Sunday, November 10, 2013

UDP packet replication using Open vSwitch

UDP protocols such as sFlow, syslog, NetFlow, IPFIX and SNMP traps, have many advantages for large scale network and system monitoring, see Push vs Pull.  In a typical deployment each managed element is configured to send UDP packets to a designated collector (specified by an IP address and port). For example, in a simple sFlow monitoring system all the switches might be configured to send sFlow data to UDP port 6343 on the host running the sFlow analysis application. Complex deployments may require multiple analysis applications, for example: a first application providing analytics for software defined networking, a second focused on host performance, a third addressing packet capture and security, and the fourth looking at application performance. In addition, a second copy of each application may be required for redundancy. The challenge is getting copies of the data to all the application instances in an efficient manner.

There are a number of approaches to replicating UDP data, each with limitations:
  1. IP Multicast - if the data is sent to an IP multicast address then each application could subscribe to the multicast channel receive a copy of the data. This sounds great in theory, but in practice configuring and maintaining IP multicast connectivity can be a challenge. In addition, all the agents and collectors would need to support IP multicast. In addition, IP multicast also doesn't address the situation where you have multiple applications running on single host and so each application has to be receive the UDP data on a different port.
  2. Replicate at source - each agent could be configured to send a copy of the data to each application. Replicating at source is a configuration challenge (all agents need to be reconfigured if you add an additional application). This approach is also wasteful of bandwidth - multiple copies of the same data are send across the network.
  3. Replicate at destination - a UDP replicator, or "samplicator" application receives the stream of UDP messages, copies them and resends them to each of the applications. This functionality may be deployed as a stand alone application, or be an integrated function within an analysis application. The replicator application is a single point of failure - if it is shut down none of the applications receive data. The replicator adds delay to the measurements and at high data rates can significantly increase UDP loss rate as the datagrams are received, sent, and received again. 
This article will examine a fourth option, using software defined networking (SDN) techniques to replicate and distribute data within the network. The Open vSwitch is implemented in the Linux kernel and includes OpenFlow and network virtualization features that will be used to build the replication network.

First, you will need a server (or virtual machine) running a recent version of Linux. Next download and install Open vSwitch.

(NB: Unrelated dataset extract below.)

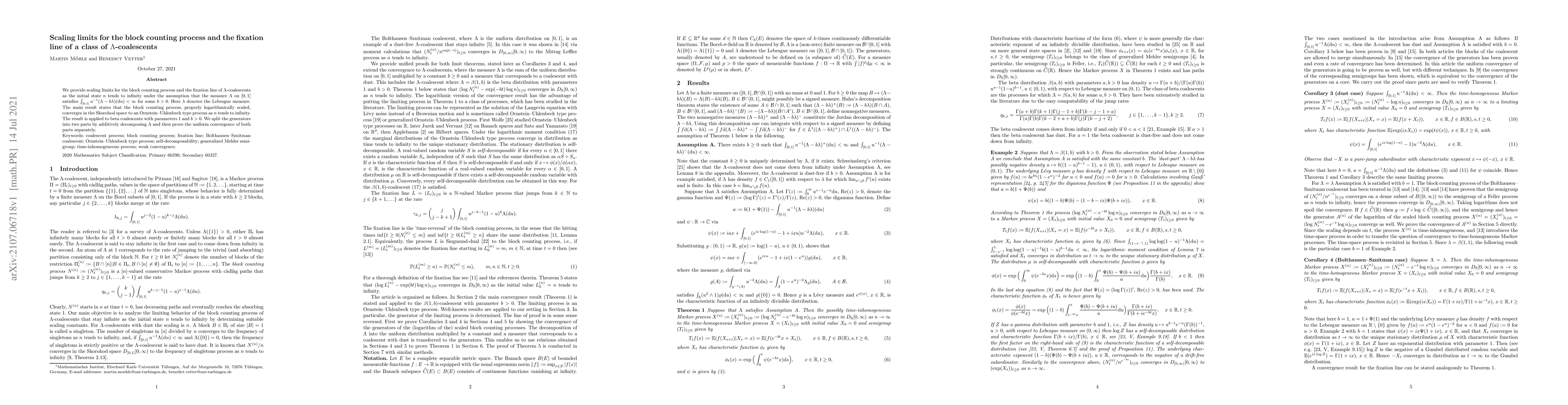 We provide scaling limits for the block counting process and the fixation line of $\Lambda$-coalescents as the initial state $n$ tends to infinity under the assumption that the measure $\Lambda$ on $[0,1]$ satisfies $\int_{[0,1]}u^{-1}(\Lambda-b\lambda)({\rm d}u)<\infty$ for some $b>0$. Here $\lambda$ denotes the Lebesgue measure. The main result states that the block counting process, properly logarithmically scaled, converges in the Skorohod space to an Ornstein--Uhlenbeck type process as $n$ tends to infinity. The result is applied to beta coalescents with parameters $1$ and $b>0$. We split the generators into two parts by additively decomposing Lambda and then prove the uniform convergence of both parts separately.

Next, configure the Open vSwitch to handle networking for the server:
ovs-vsctl add-br br0
ovs-vsctl add-port br0 eth0
ifconfig eth0 0
ifconfig br0 10.0.0.1/24
Now configure the UDP agents to send their data to 10.0.0.1. You should be able to run a collector application for each service port (e.g. sFlow 6343, syslog 514, etc.).

The first case to consider is replicating the datagrams to a second port on the server (sending packets to App 1 and App 2 in the diagram). First, use the ovs-vsctl command to list the OpenFlow port numbers on the virtual switch:
% ovs-vsctl --format json --columns name,ofport list Interface
{"data":[["eth0",1],["br1",65534]],"headings":["name","ofport"]}
We are interested in replicating packets received on eth0 and output shows that the corresponding OpenFlow port is 1.

The Open vSwitch provides a command line utility ovs-ofctl that uses the OpenFlow protocol to configure forwarding rules in the vSwitch. The following OpenFlow rule will replicate sFlow datagrams:
in_port=1 dl_type=0x0800 nw_proto=17 tp_dst=6343 actions=LOCAL,mod_tp_dst:7343,normal
The match part of the rule looks for packets received on port 1 (in_port=1), where the Ethernet type is IPv4 (dl_type=0x0800), the IP protocol is UDP (nw_protocol=17), and the destination UDP port is 6343 (tp_dst=6343). The actions section of the rule is the key to building the replication function. The LOCAL action delivers the original packet as intended. The destination port is then changed to 7343 (mod_tp_dst:7343) and the modified packet is sent through the normal processing path to be delivered to the application.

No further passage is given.